I loved this little quote. ‘BACK to fiscal solvency’????? This ‘company lost $8.5 Billion last year (2010), it’s going to lose at lest $8.3 Billion this year (2011) and projected to lose $8.5 Billion next year (2012). This ‘company (USPS) hasn’t been solvent for so long that they have no idea what the word means.

Amplify’d from

Issa introduces bill to ‘prevent bailout’ of Postal Service

Rep. Darrell Issa, chairman of the congressional oversight committee, introduced legislation on Thursday to significantly reform the United States Postal Service in order to prevent the need for a “taxpayer bailout.”

The legislation follows USPS’ announcement on Wednesday that it will no longer pay money into its Federal Employee Retirement System in order to cut costs.

Issa said that such a solution was not acceptable.

“The Postal Service lost $8.5 billion last year,” he said in a statement. “It is going to lose, at least, $8.3 billion this year.
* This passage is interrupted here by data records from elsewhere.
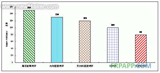 (4) 內壁光滑,介質輸送阻力小。由于模具表面光潔度高,制成的管道內壁哈森-威廉姆斯系數高達150,且其不結垢的特性使管內壁的光潔度不會隨時間而改變;
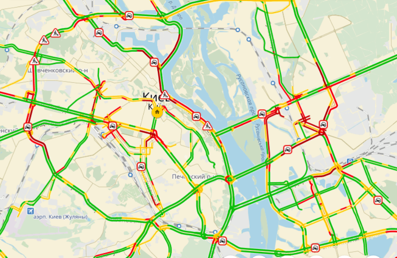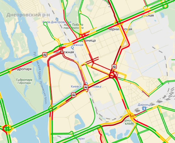 На Левобережье пробка из-за ДТП образовалась на проспекте Соборности. Также движение затруднено на проспекте Мира и в районе Дарницкой площади.
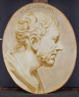 Das Gemälde gehört zu einer Serie von vier Porträtdarstellungen im Hochoval. Dazu gehören die fiktiven Porträts der Philosophen Lucius Annaeus Seneca (1 -65 n. Chr.; Schriftzug "Seneque") und Alkinoos (Schriftzug "Alsinous" ) sowie die Porträts des Kurfürsten Karl Theodor und seiner Ehefrau Elisabeth Auguste, Alle Arbeiten wurden als Grisaillemalerei ausgeführt. Alle Arbeiten imitieren die Form eines gemalten Reliefs. zu Leittenstorffer siebe https://de.wikipedia.org/wiki/Franz_Anton_Leitenstorffer Zu Elisabeth Auguste siehe https://de.wikipedia.org/wiki/Elisabeth_Auguste_von_Pfalz-Sulzbach
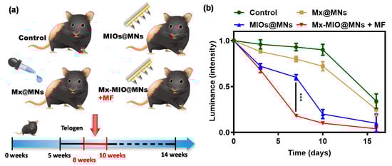 In vivo evaluation of dissolvable MNs for hair loss treatment. (a) schematic illustration represents control, Mx@MNs, Mx-MIOs@MNs, and Mx-MIOs@MNs+MF groups for hair loss treatment for 16 days. (b) the hair intensity treated by control, Mx@MNs, Mx-MIOs@MNs, and Mx-MIOs@MNs+MF groups for hair growth on mice. Data points represent mean ± SD (N = 3, *** p < 0.005).
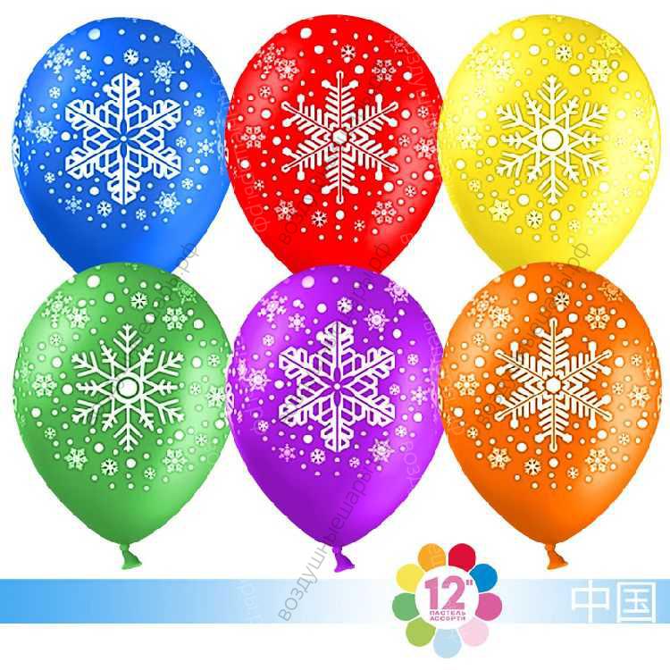 Шар с гелием Снежинка, Ассорти, пастель, 5 ст, 30 см., как и любые гелиевые шары с рисунками, могут быть прозрачными, матовыми или перламутровыми (см. название).
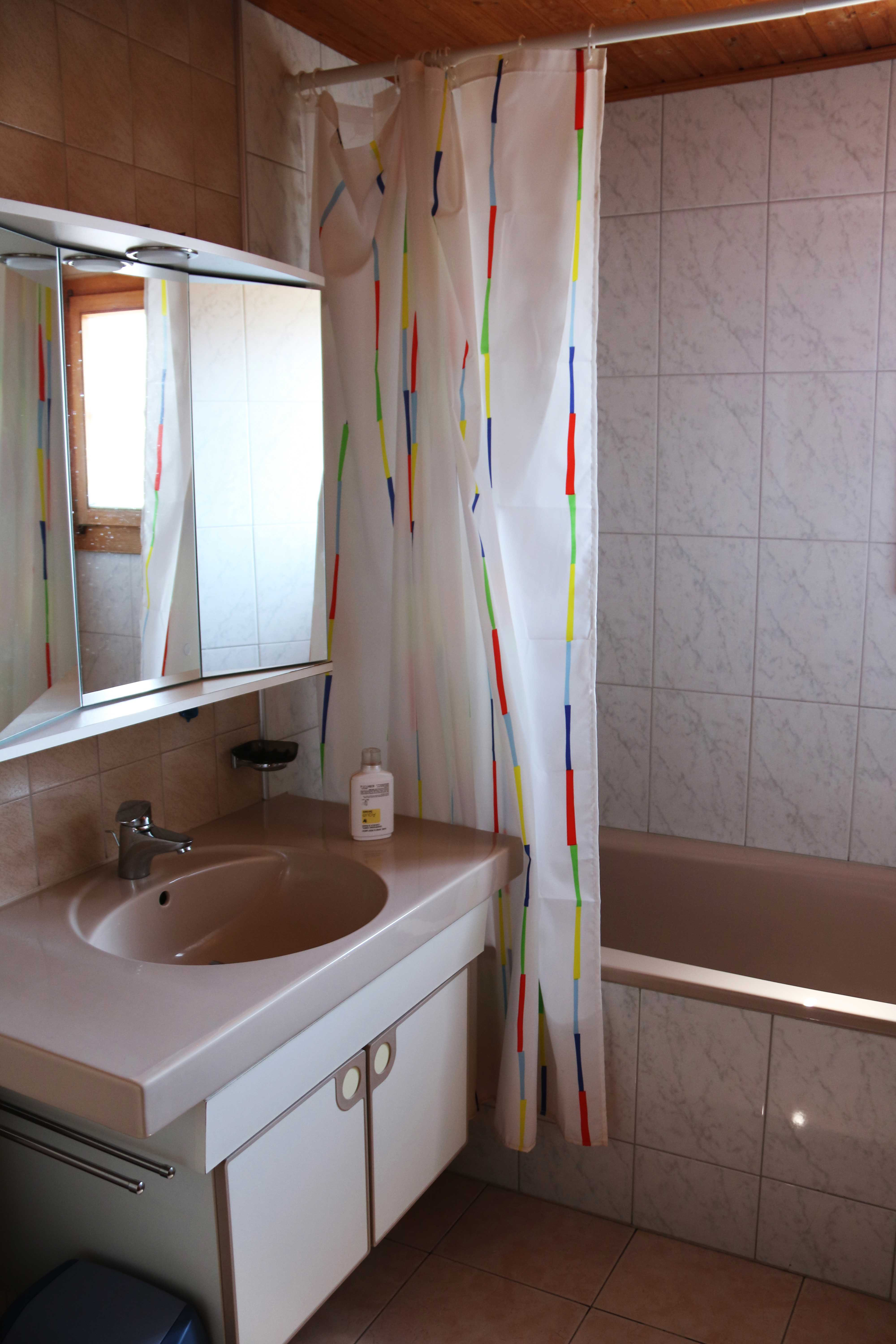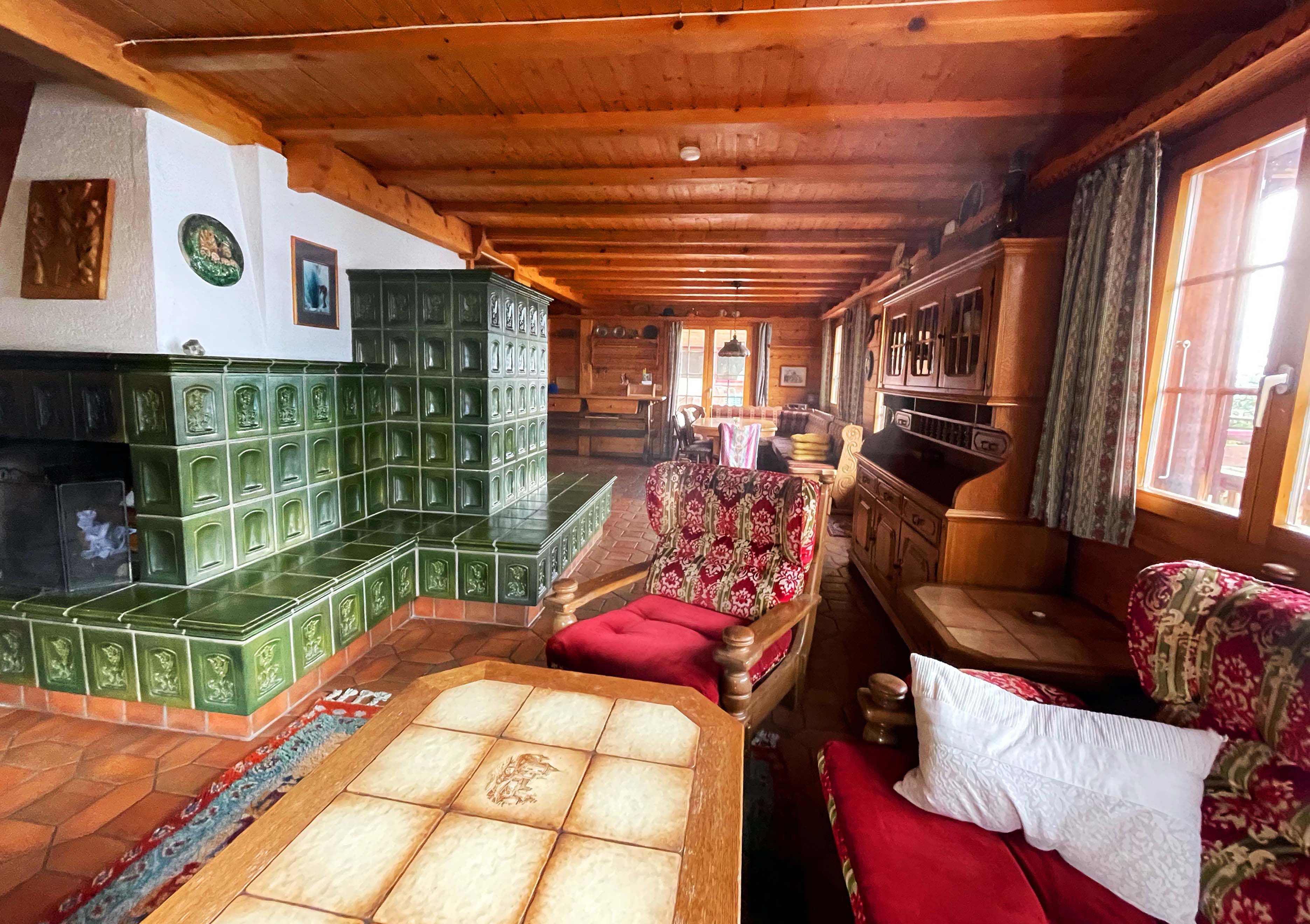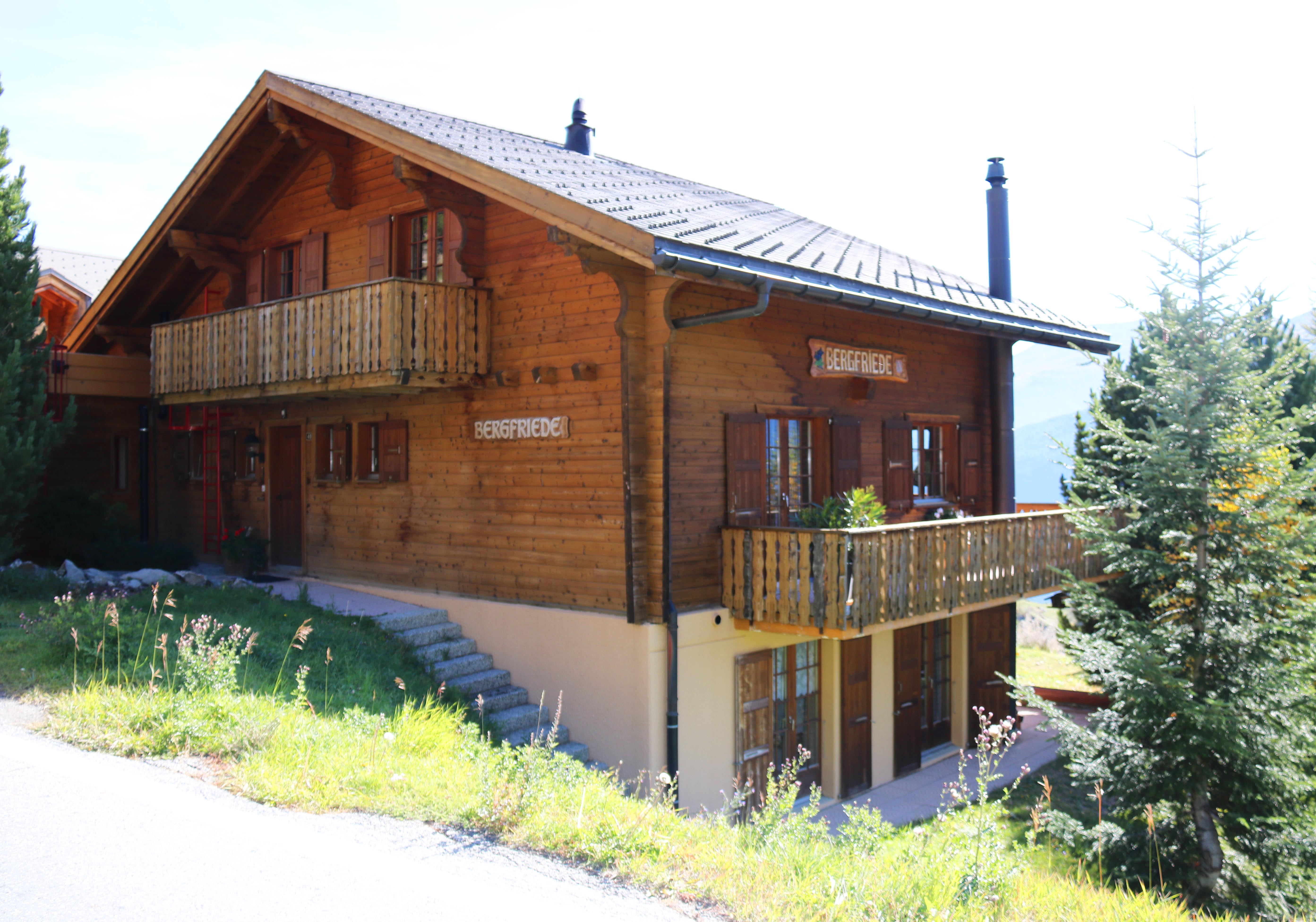 Das typische Schweizer Chalet "Bergfriede" bietet Platz für bis zu 14 Personen und verfügt über einen grossen Wohnbereich mit Kachelofen und offenem Kamin, eine geräumige und voll ausgestattetes Küche mit Esstisch, zwei Bäder und vier Schlafzimmer. Eines der Bäder verfügt über eine Dusche, das andere über eine Badewanne mit integrierter Dusche. Die Schlafzimmer haben alle ein Waschbecken und einen Spiegelschrank. Ausserdem verfügen alle Zimmer über einen Balkon mit spektakulärer Sicht auf die umliegende Bergwelt. Das Haus ist ideal geeignet für Familientreffen oder einen Urlaub mit Freunden.

And it is projected to lose $8.5 billion the year after that. Congress can’t keep kicking the can down the road on out of control labor costs and excess infrastructure of USPS and needs to implement reforms that aren’t a multi-billion dollar taxpayer funded bailout.”

reduce costs in order to bring the institution back to fiscal solvency when the Postal Service goes into default to the Federal government

It would also create the Commission on Postal Reorganization, whose purpose would be to make recommendations to Congress on closures or consolidations with the goal of reducing USPS costs by $2 billion a year.

Benefits and salaries for Postal Service employees would be cut, putting them more on the level of what private sector employees receive for similar jobs. Oversight estimates that such measures will save $700 million dollars in the 2010 fiscal year, which ends in September.

Oversight estimates that the reforms will save the Postal Service $6 billion dollars a year when all of them have been enacted.

Among other things, the legislation will also permit USPS to move to five-day delivery of mail, and would alter the bargaining process between the Postal Service and the employee unions.

The Postal Service issued a statement that it was predominantly disappointed in the bill.

“We strongly oppose a provision in the bill that provides for an additional $10 billion in borrowing authority from the U.S. Treasury. The Postal Service does not need to incur additional debt — we need the money back that is already owed to us,” the statement said, referring to the surplus money paid into the FERS account. “We also strongly oppose sections of the bill that would create more government bureaucracy and slow our progress on streamlining our operations.”

USPS also reiterated suggestions it had made before, namely, that Congress allow it access to the surplus funds it has paid into FERS, an amount USPS estimates to be $6.9 billion, and that the Postal Service be exempted from pre-paying retiree health benefits.

“The Postal Service,” the statement warns, “is in danger of running out of cash as early as this October.”

NALC also took exceptional issue with the idea of reducing delivery to five days, something it has adamantly spoken out against.

NALC President Frederic Rolando called the bill “a draconian downsizing plan and a misguided and unjustifiable attack on hard-working postal employees who provide the most affordable and highest-quality mail service in the world.”